Butler design proposal for multiple repository support

I’ve written up a design proposal for the multiple repository feature in Butler. @ktl has seen it and now I’d appreciate feedback from anyone else who is interested.

The design proposal is here.

The related Jira stories are DM-4625 and DM-4682

Feel free to reply to this topic or email me directly (npease@slac.stanford.edu) with feedback or questions.

Nate, thanks very much for the initial note. I am just beginning to get my nose into this, so these are Naive comments.

  1. Do you envision the concept to be all encompassing – i.e are all the data in the Survey Archives in a single “repository”? If so we need to talk pretty seriously with Jason and myself. We think of Archives as being anobject store, with it’s own replication system under-the-sheets. There are also many other concerns I’m sure we will think of – think disaster recovery and all that.
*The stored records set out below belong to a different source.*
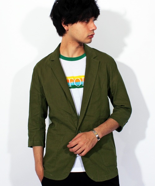 ■ストリート系 におすすめ。『 7分袖 テーラードジャケット 綿 麻 ブレザー 』 フォーマルからカジュアルまで対応の 綿麻 7分袖 テーラードジャケット が登場。春 夏 のちょっとした羽織りに是非取り入れたい サマージャケット です。清涼感のある 麻 綿 の混合素材ならではの通気性と肌触りの良さ、両方を兼ね備えたています。 ■これからの暑い季節に重宝するジャケットに仕上がっております。 全体的にタイトなシルエットでコーディネートを一気に品格ある大人の雰囲気にしてくれます。ベーシックなノッチドラペルにフロントは1つボタン、袖口は丈夫なあき見せ仕様。 ■伝統的なテーラードジャケットのディテールをそのままにどんなコーディネートにも合わせやすいのが特徴です。 また、1枚仕立てなのでシャツ感覚で気軽に羽織っていただけます。 重さ 約341g 素材感 伸縮性…無い 透け感…ややある 生地の厚み…かなり薄い 着心地…かなりタイト 肌触り…やや硬い 【お買い物をお楽しみいただく為に!】 ▼商品のお気に入り登録 完売カラーの再入荷通知や、ラスト1点の通知、セールの通知も受け取ることができます。 ▼ブランドのお気に入り登録 新商品や再入荷等、いち早くブランドのお得な情報を受け取ることができます。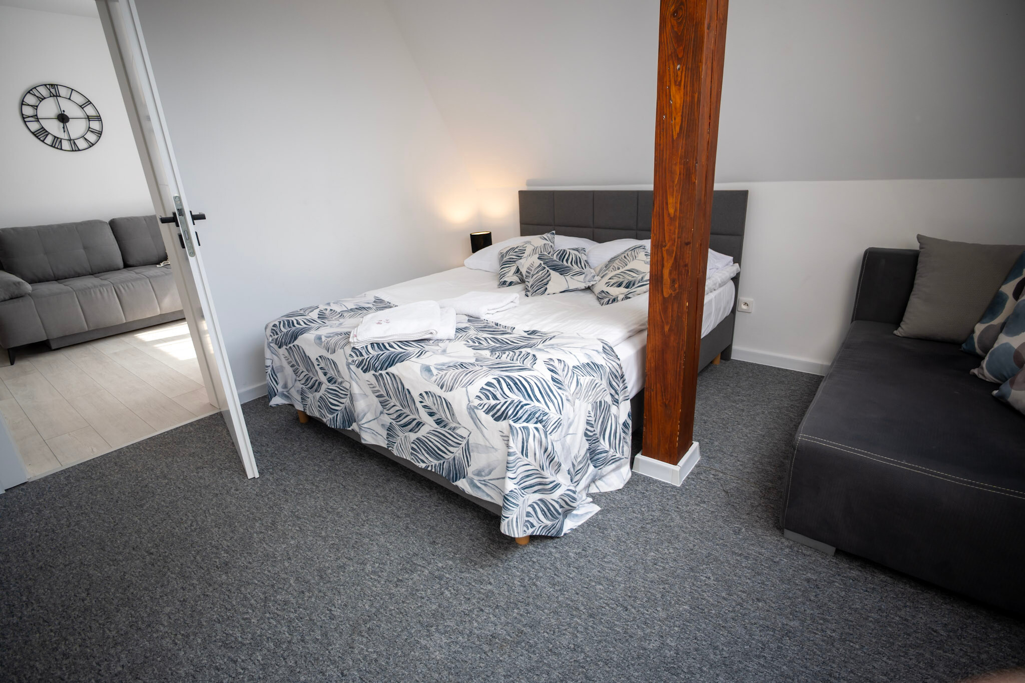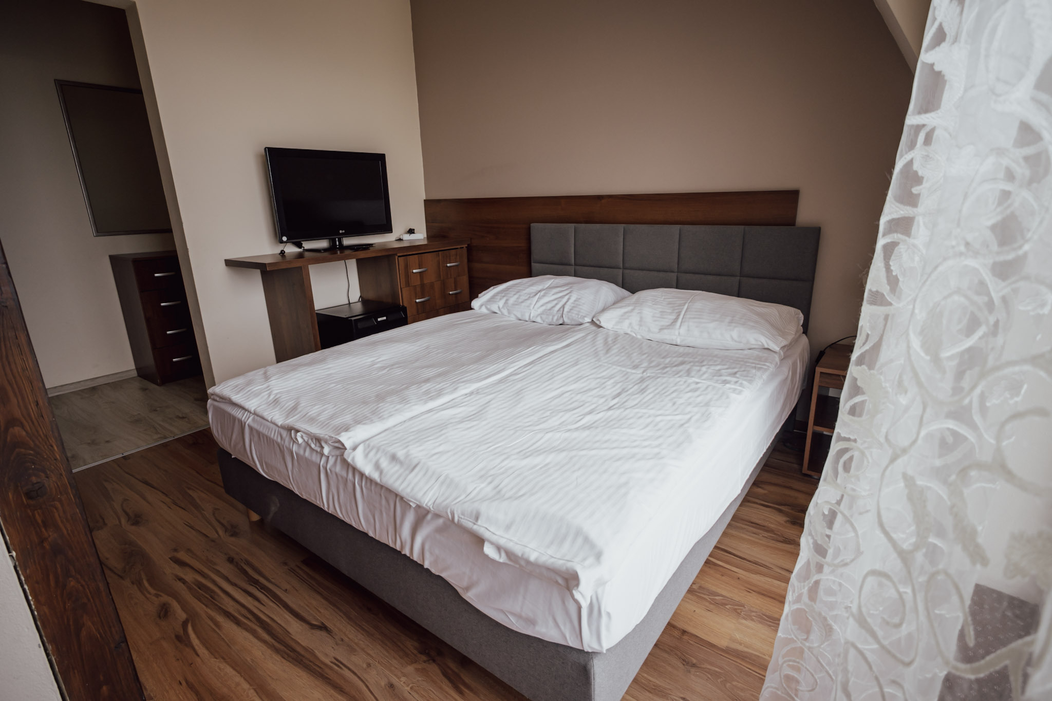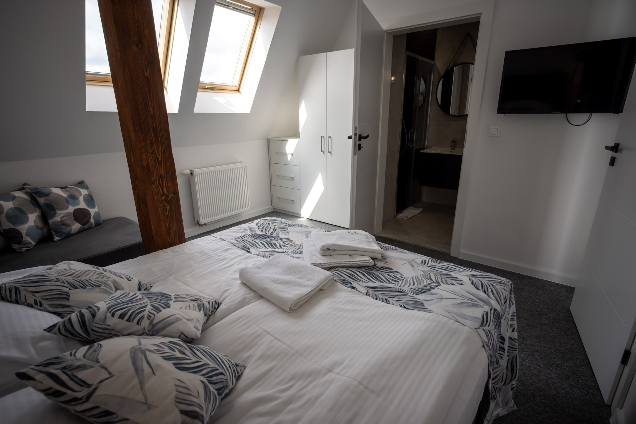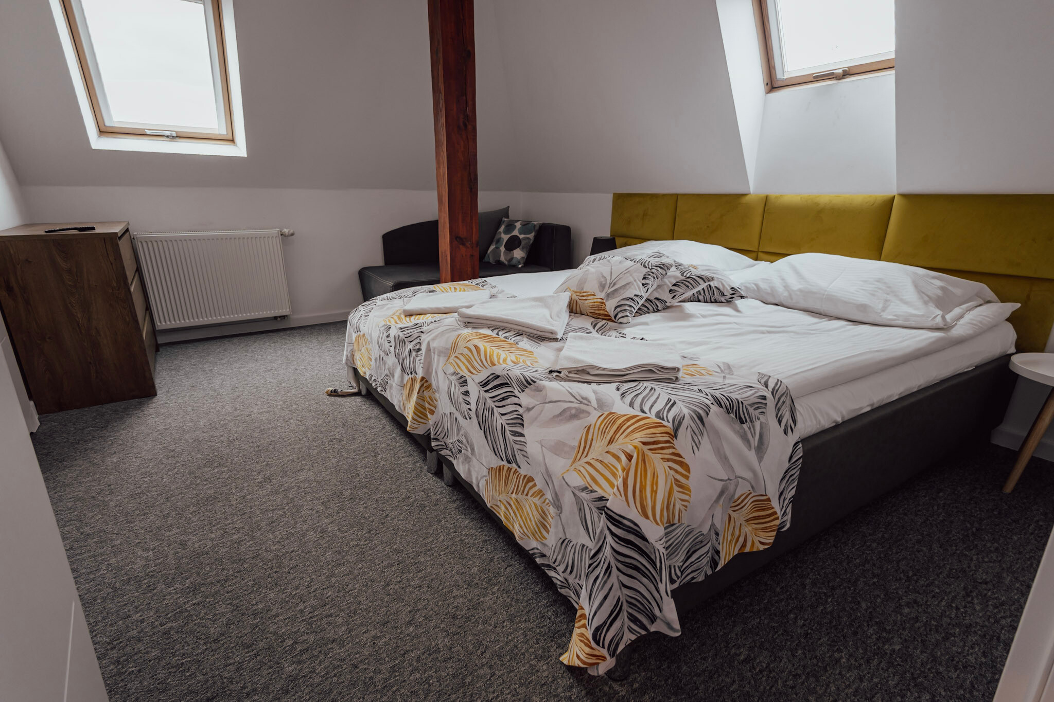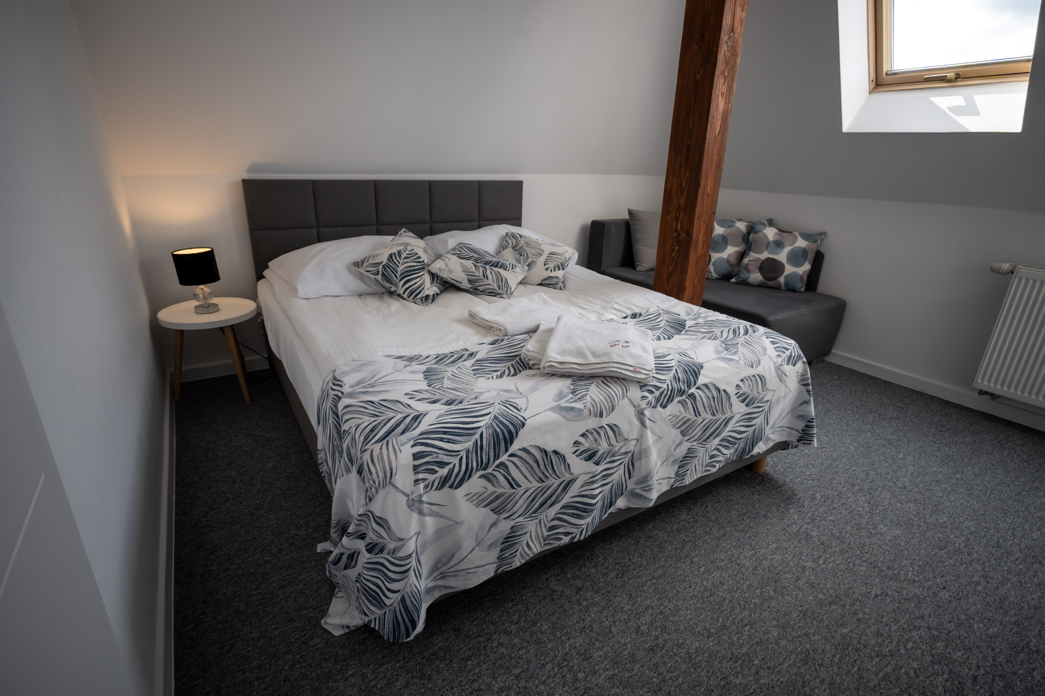 Pokój typu Superior - jest bardziej przestronny, może pomieścić 4-osobową rodzinę. Oprócz dużego łóżka małżeńskiego typu King Size, posiada także rozkładaną dwuosobową kanapę.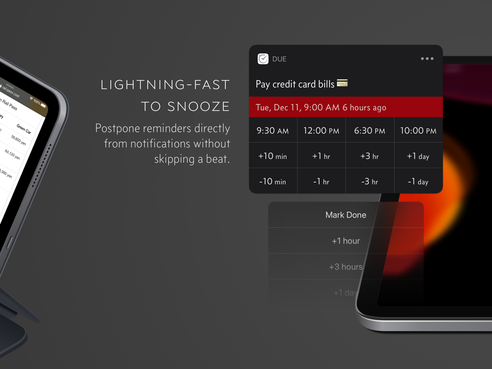 A time picker with 12 preset and fully customizable times lets you set due dates and postpone reminders in record time.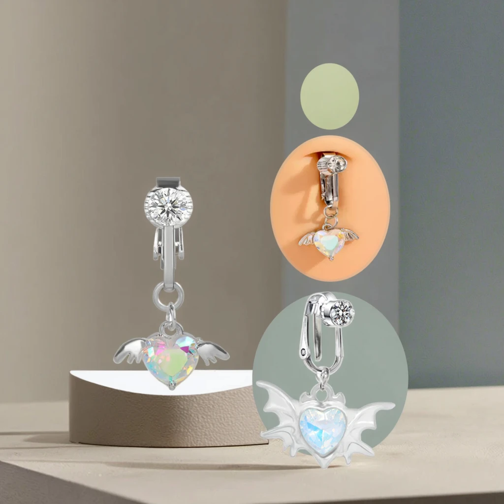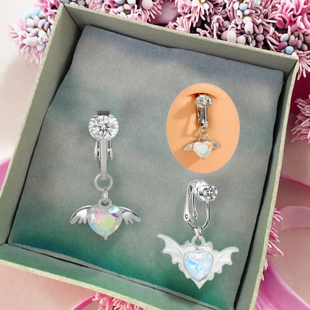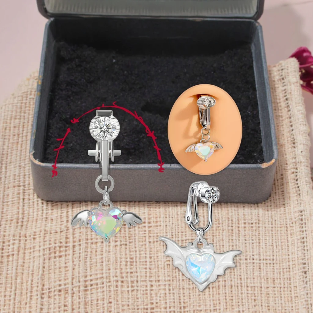 Fake Belly Button Ring Non Piercing Heart Dangle Clip on Navel Piercing Fashion Body Jewelry Wholesale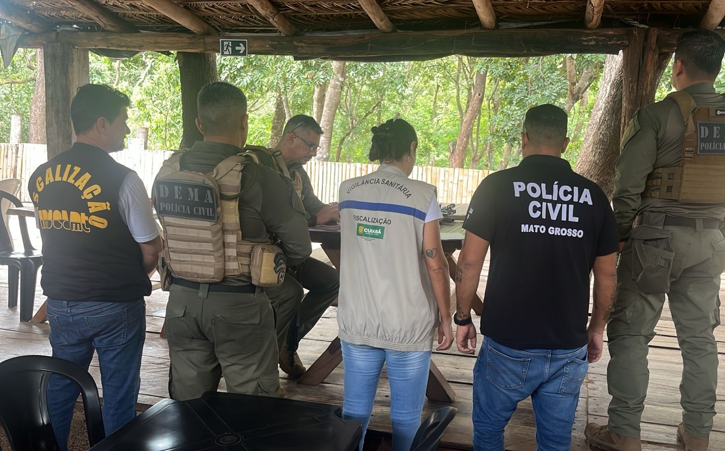 A Polícia Civil, Vigilância Sanitária de Cuiabá e o Instituto de Defesa Agropecuária de Mato Grosso realizaram, na manhã desta sexta-feira (12.04), fiscalização em um bar, restaurante e peixaria localizado no bairro Morada do Ouro, em Cuiabá, e interditaram o local em função do funcionamento de um frigorífico clandestino no estabelecimento.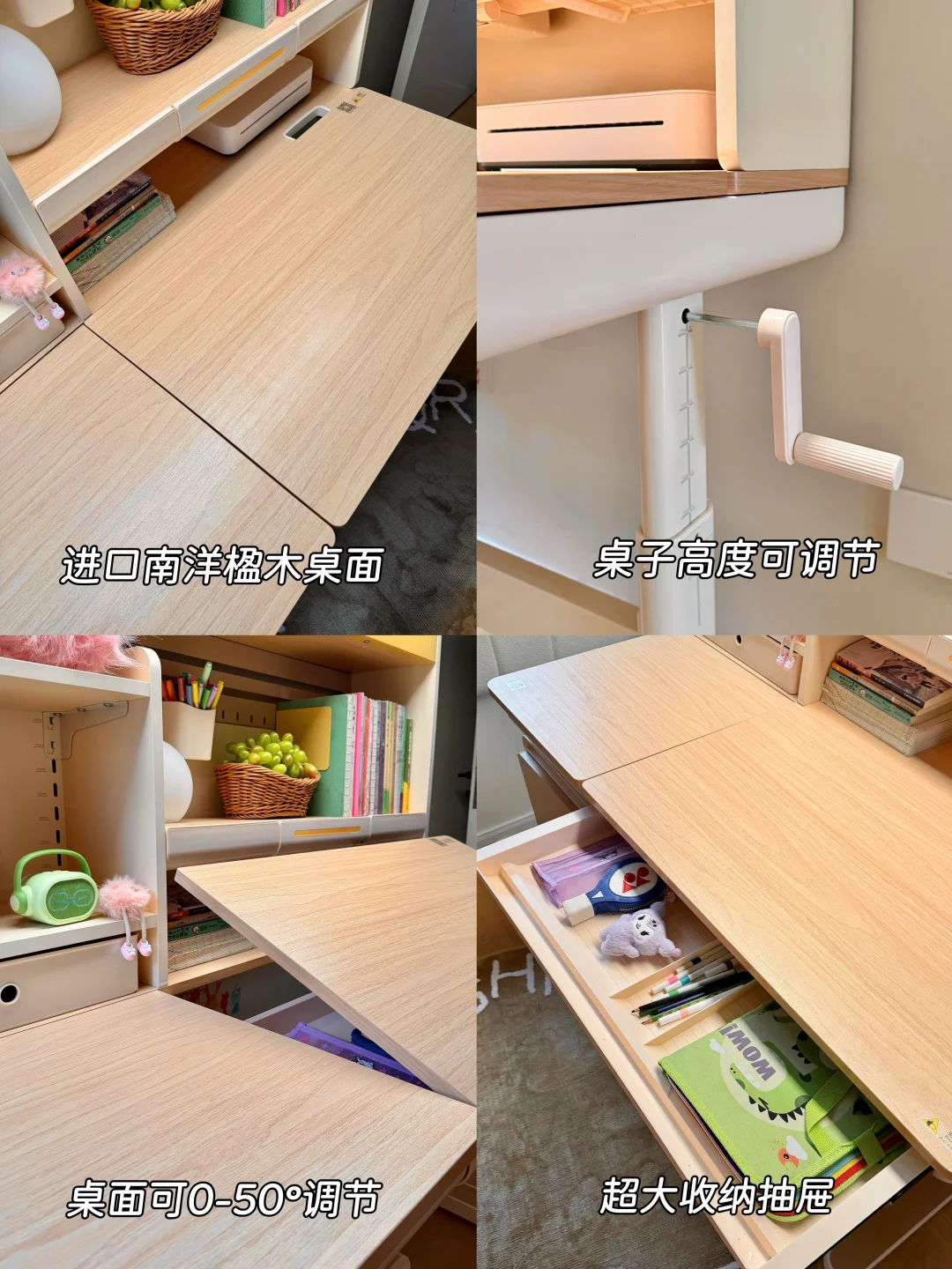 桌面能0-50度调节,娃写字还是画画都可以调整到合适的角度,不仅方便还能保持视距
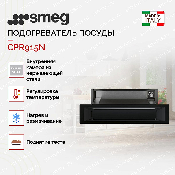 Подогреватель посуды Smeg CPR915N способен не только подогревать, но и, например, размораживать продукты. Управление с помощью поворотного переключателя позволяет выставлять различные температурные режимы от 30 до 80 градусов Цельсия. Устройство оборудовано системой открывания Push, что увеличивает комфорт эксплуатации.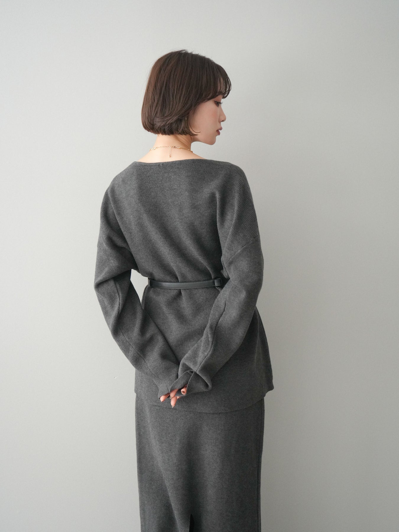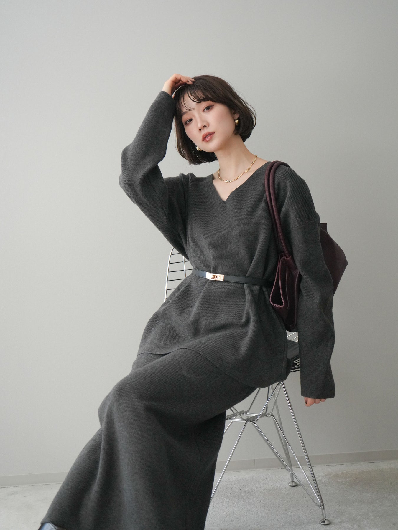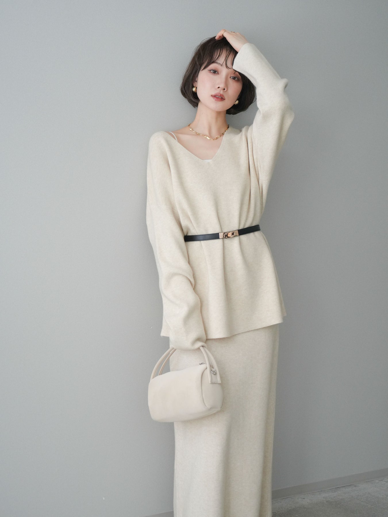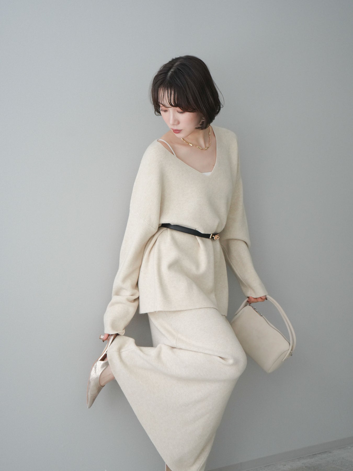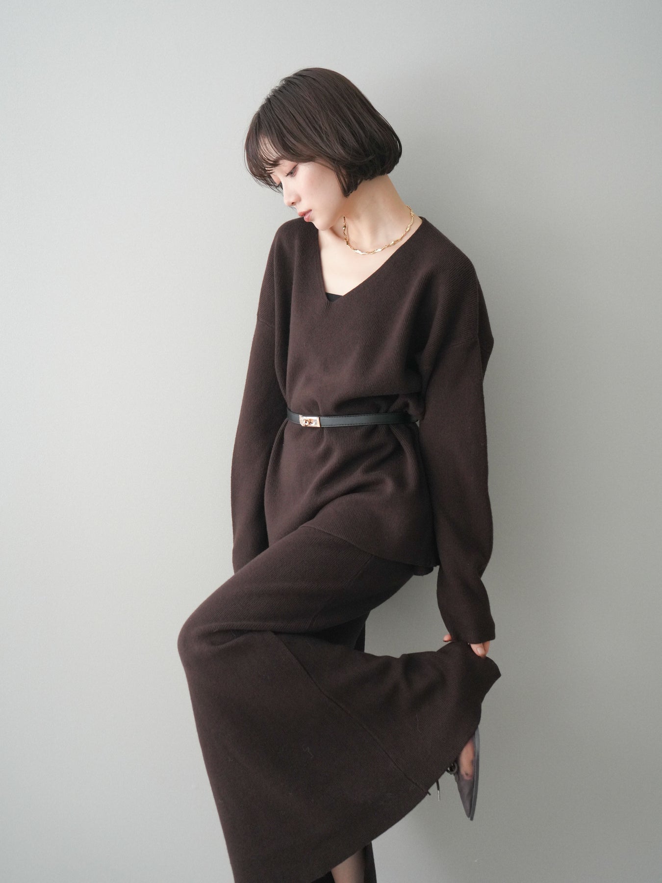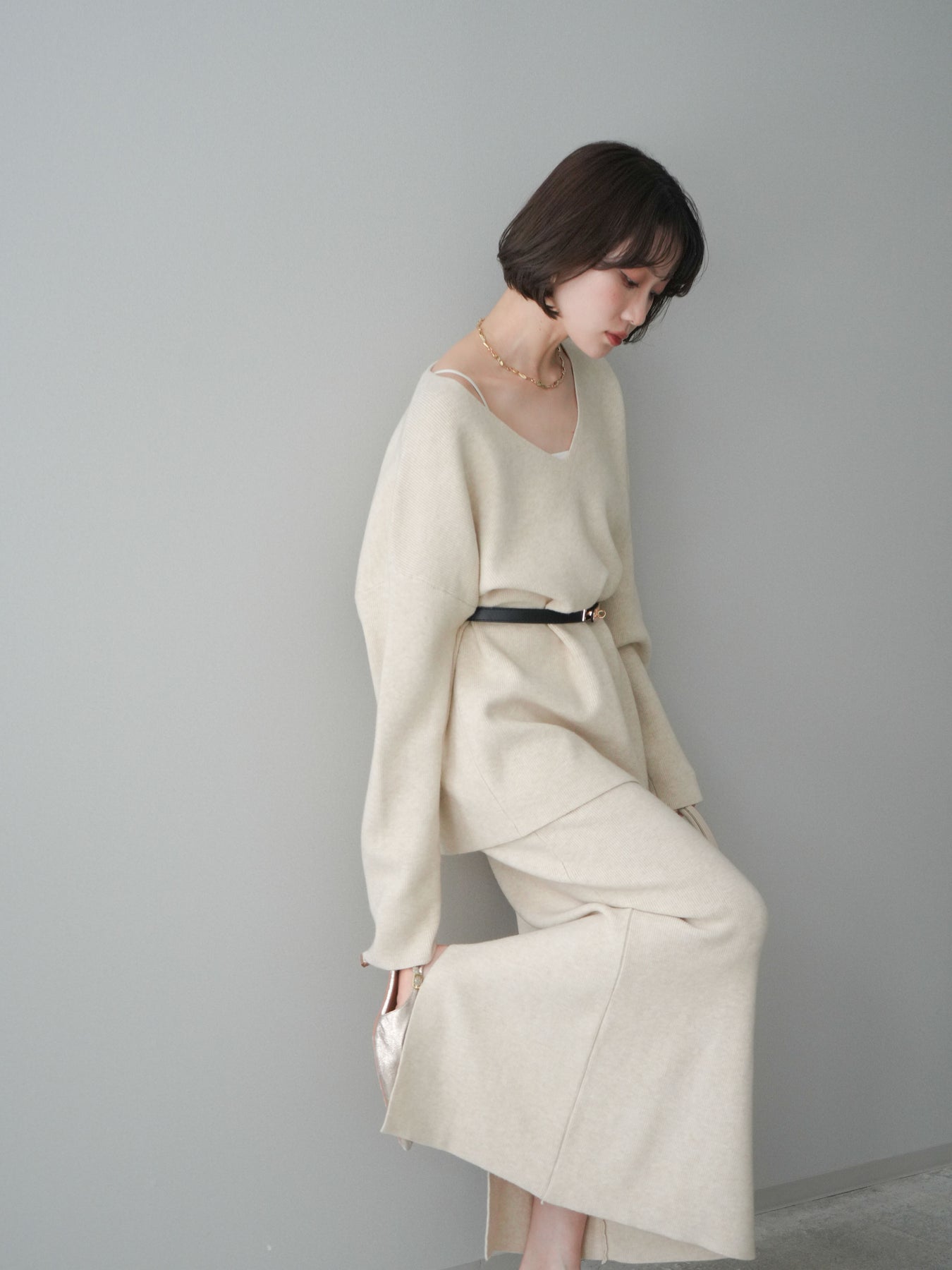[SET]ベルト付Vネックニット&スカートSET UP+選べるアクセセット(2set)

  2. More or less apart from concern 1) there are cases where we need to ingest data into the butler Framework. An example is L1 processing, where we will have streams of data from, say a socket, that need to be put into the butler framework so that it can be accessed by the science codes.

  3. Is there a definition of “dataset” I don;t understand if LSST has given this a formal meaning, or if this is just the normal use – collection of data. Here I have a lack of understanding of terminology. in DES we have a “unit of data management” that is sued by software, and has a speical meaning, I am wondering if dataset/repostiroes have some sort of formal meaning.

  4. I see use of UID and GID. Are these consistent (or better put) sufficently general with the authentication and authorization work being done at NCSA?

Thanks!

Hey Don,

Thanks for the quick & thoughtful feedback.

In the context of Butler, a Repository class is an interface to data storage that can be local or remote. The Repository class will have a Storage interface class that implements the connection to the data store.

I don’t think having data stored in your object store would be a problem (the design intends to allow for this), and the replication system should be fine as well, provided that there is a way for the Repository+Storage to connect to the object store (by configuration info passed to Butler from client code), and so long as the Storage can implement its protocol: it needs to:

  • be able to serialize an object and give it to the data storage to be written
  • be able to get the data for an object that has been written, so that it can reconstitute the object
  • store metadata about a repository including details needed to find other related persisted repositories in the object store.

Will the data be pure streams? Or will the stream be read into some kind of object before being passed to butler?

There are some definitions related to Butler on this page. The definition for dataset there is
"A dataset is the persisted form of an in-memory object. It could be a single item, a composite, or a collection. Examples: int/long, PropertySet, ExposureF, WCS, PSF, set/list/dict.", which seems vague at best, but I think in LSST its meaning is at least informal, and I’ve found it can be used as a generic descriptor for a FITS file, and probably for an HDF5 file too.

I don’t know if they relate to authentication or authorization, although if there’s an intersection there it’s something we should think more about. They are intended to be used similar to a git SHA and will be important when we implement “git-style branching” (DM-4520). They’re probably not going to be used for multiple-repository, although they may be implemented in preparation for 4520.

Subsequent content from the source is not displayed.